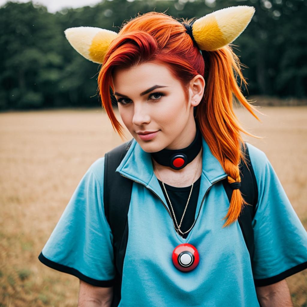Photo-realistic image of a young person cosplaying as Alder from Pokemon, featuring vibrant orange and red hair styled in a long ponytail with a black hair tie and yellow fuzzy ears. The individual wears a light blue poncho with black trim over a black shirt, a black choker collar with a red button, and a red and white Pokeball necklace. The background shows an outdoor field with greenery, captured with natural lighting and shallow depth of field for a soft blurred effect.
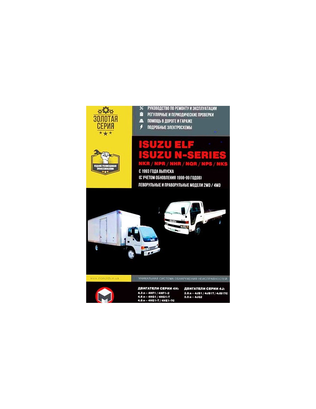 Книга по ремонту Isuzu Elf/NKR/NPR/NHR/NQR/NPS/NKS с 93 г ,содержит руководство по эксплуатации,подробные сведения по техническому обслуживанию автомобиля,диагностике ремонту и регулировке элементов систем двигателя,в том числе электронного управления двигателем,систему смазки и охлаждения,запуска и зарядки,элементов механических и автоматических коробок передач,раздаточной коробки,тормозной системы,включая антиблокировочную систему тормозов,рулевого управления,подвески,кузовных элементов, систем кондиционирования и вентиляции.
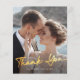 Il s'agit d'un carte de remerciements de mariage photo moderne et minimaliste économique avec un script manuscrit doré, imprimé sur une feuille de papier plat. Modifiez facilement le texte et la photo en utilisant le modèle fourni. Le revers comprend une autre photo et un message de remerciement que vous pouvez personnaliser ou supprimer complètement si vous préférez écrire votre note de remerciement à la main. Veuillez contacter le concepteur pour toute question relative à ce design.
==
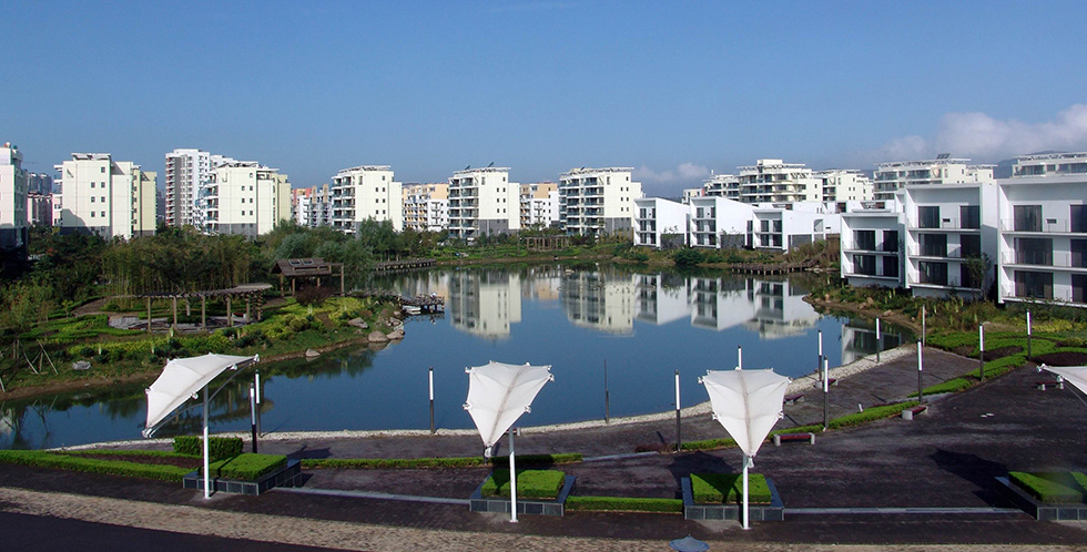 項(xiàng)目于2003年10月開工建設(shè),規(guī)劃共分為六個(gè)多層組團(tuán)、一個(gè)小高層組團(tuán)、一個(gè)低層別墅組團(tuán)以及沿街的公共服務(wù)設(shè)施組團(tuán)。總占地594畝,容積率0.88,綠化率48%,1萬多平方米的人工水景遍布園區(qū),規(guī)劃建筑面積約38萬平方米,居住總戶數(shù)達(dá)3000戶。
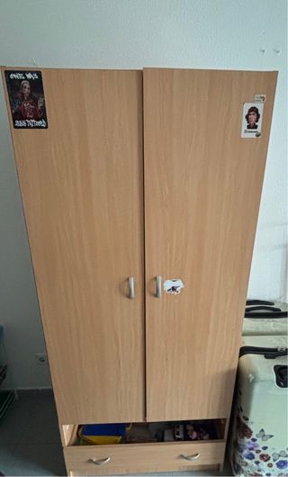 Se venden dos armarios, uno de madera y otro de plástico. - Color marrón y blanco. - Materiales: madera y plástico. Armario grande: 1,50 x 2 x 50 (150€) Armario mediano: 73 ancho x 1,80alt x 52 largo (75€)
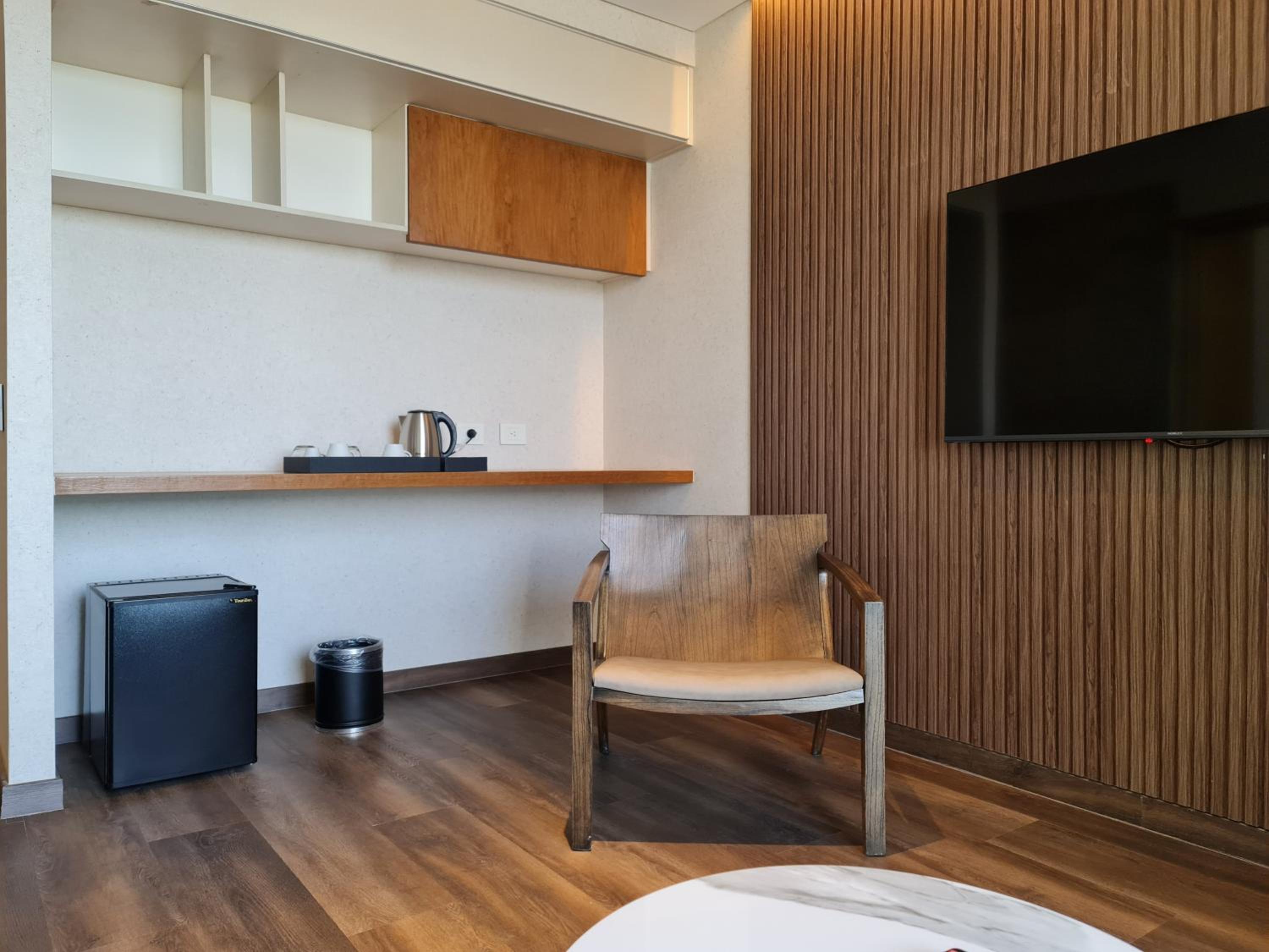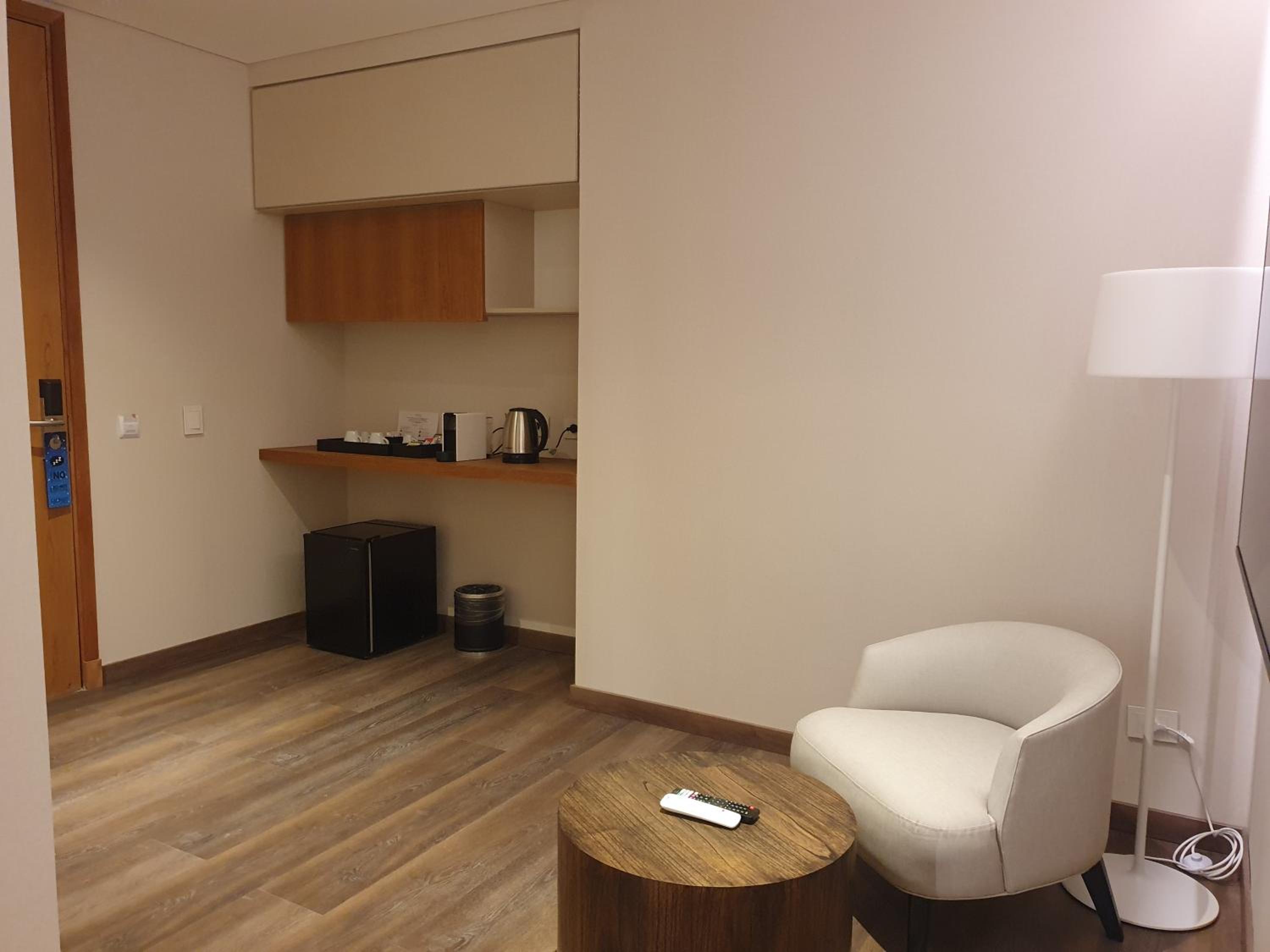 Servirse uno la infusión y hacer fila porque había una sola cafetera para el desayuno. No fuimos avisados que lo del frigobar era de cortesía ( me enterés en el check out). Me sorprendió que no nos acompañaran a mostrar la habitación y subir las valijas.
---
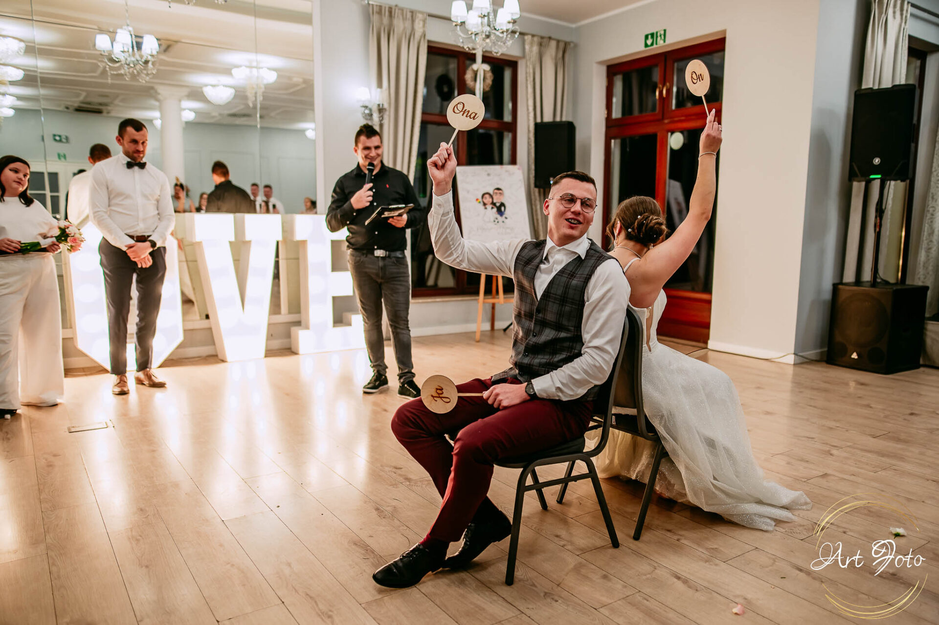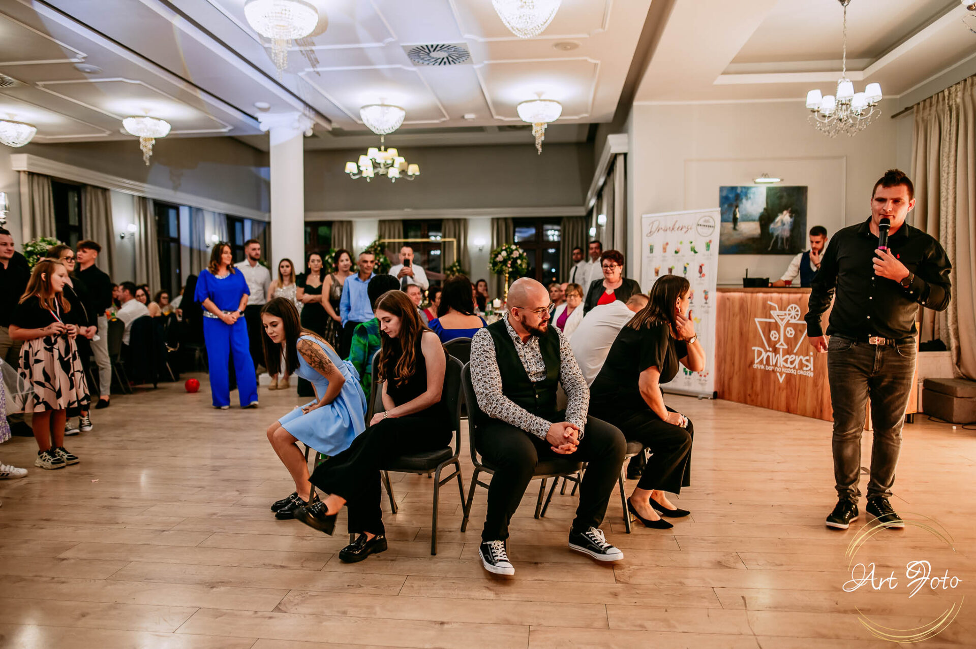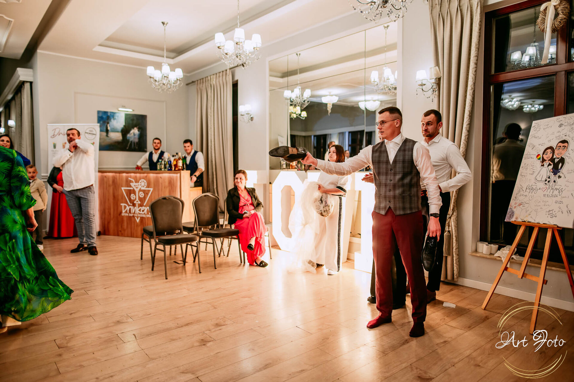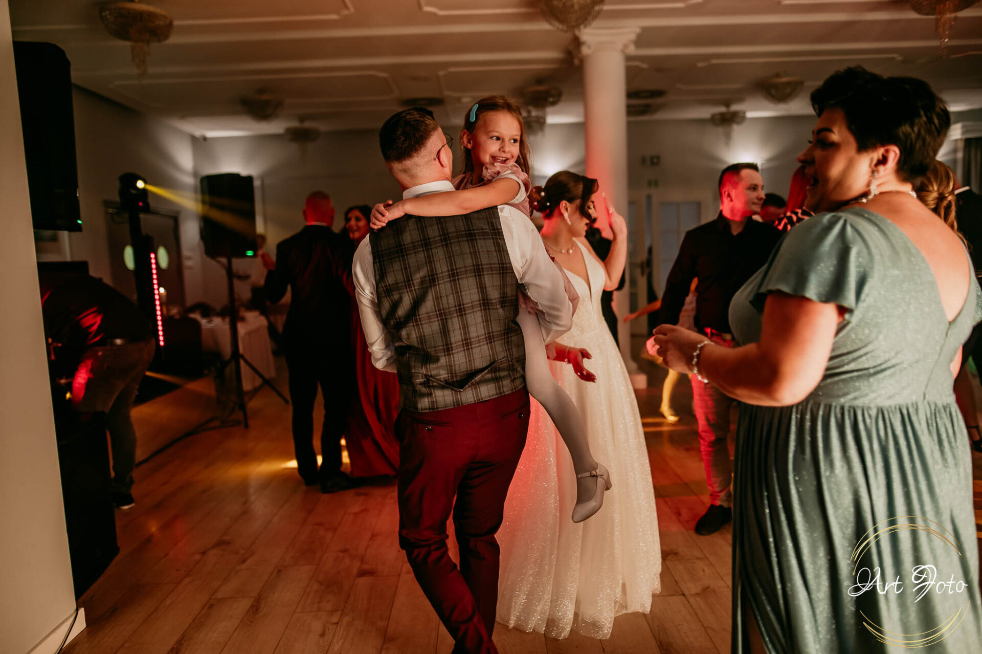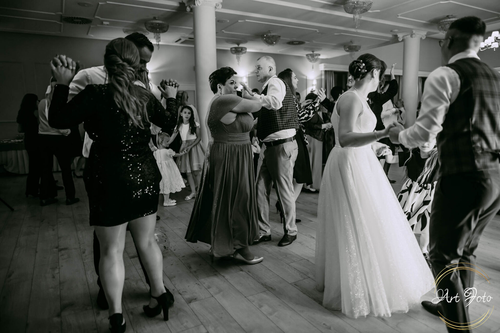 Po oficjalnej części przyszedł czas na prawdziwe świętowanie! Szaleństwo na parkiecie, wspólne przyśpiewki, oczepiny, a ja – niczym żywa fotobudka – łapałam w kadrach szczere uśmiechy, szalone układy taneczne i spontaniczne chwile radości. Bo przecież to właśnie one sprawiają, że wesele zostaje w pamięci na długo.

*Problem requirements*: Word for word, write out the lines above running from the one with "項(xiàng)目于2003" up to and including the one with "Servirse uno la". Drop any picture.

*Output*:
 項(xiàng)目于2003年10月開工建設(shè),規(guī)劃共分為六個(gè)多層組團(tuán)、一個(gè)小高層組團(tuán)、一個(gè)低層別墅組團(tuán)以及沿街的公共服務(wù)設(shè)施組團(tuán)。總占地594畝,容積率0.88,綠化率48%,1萬多平方米的人工水景遍布園區(qū),規(guī)劃建筑面積約38萬平方米,居住總戶數(shù)達(dá)3000戶。
 Se venden dos armarios, uno de madera y otro de plástico. - Color marrón y blanco. - Materiales: madera y plástico. Armario grande: 1,50 x 2 x 50 (150€) Armario mediano: 73 ancho x 1,80alt x 52 largo (75€)
 Servirse uno la infusión y hacer fila porque había una sola cafetera para el desayuno. No fuimos avisados que lo del frigobar era de cortesía ( me enterés en el check out). Me sorprendió que no nos acompañaran a mostrar la habitación y subir las valijas.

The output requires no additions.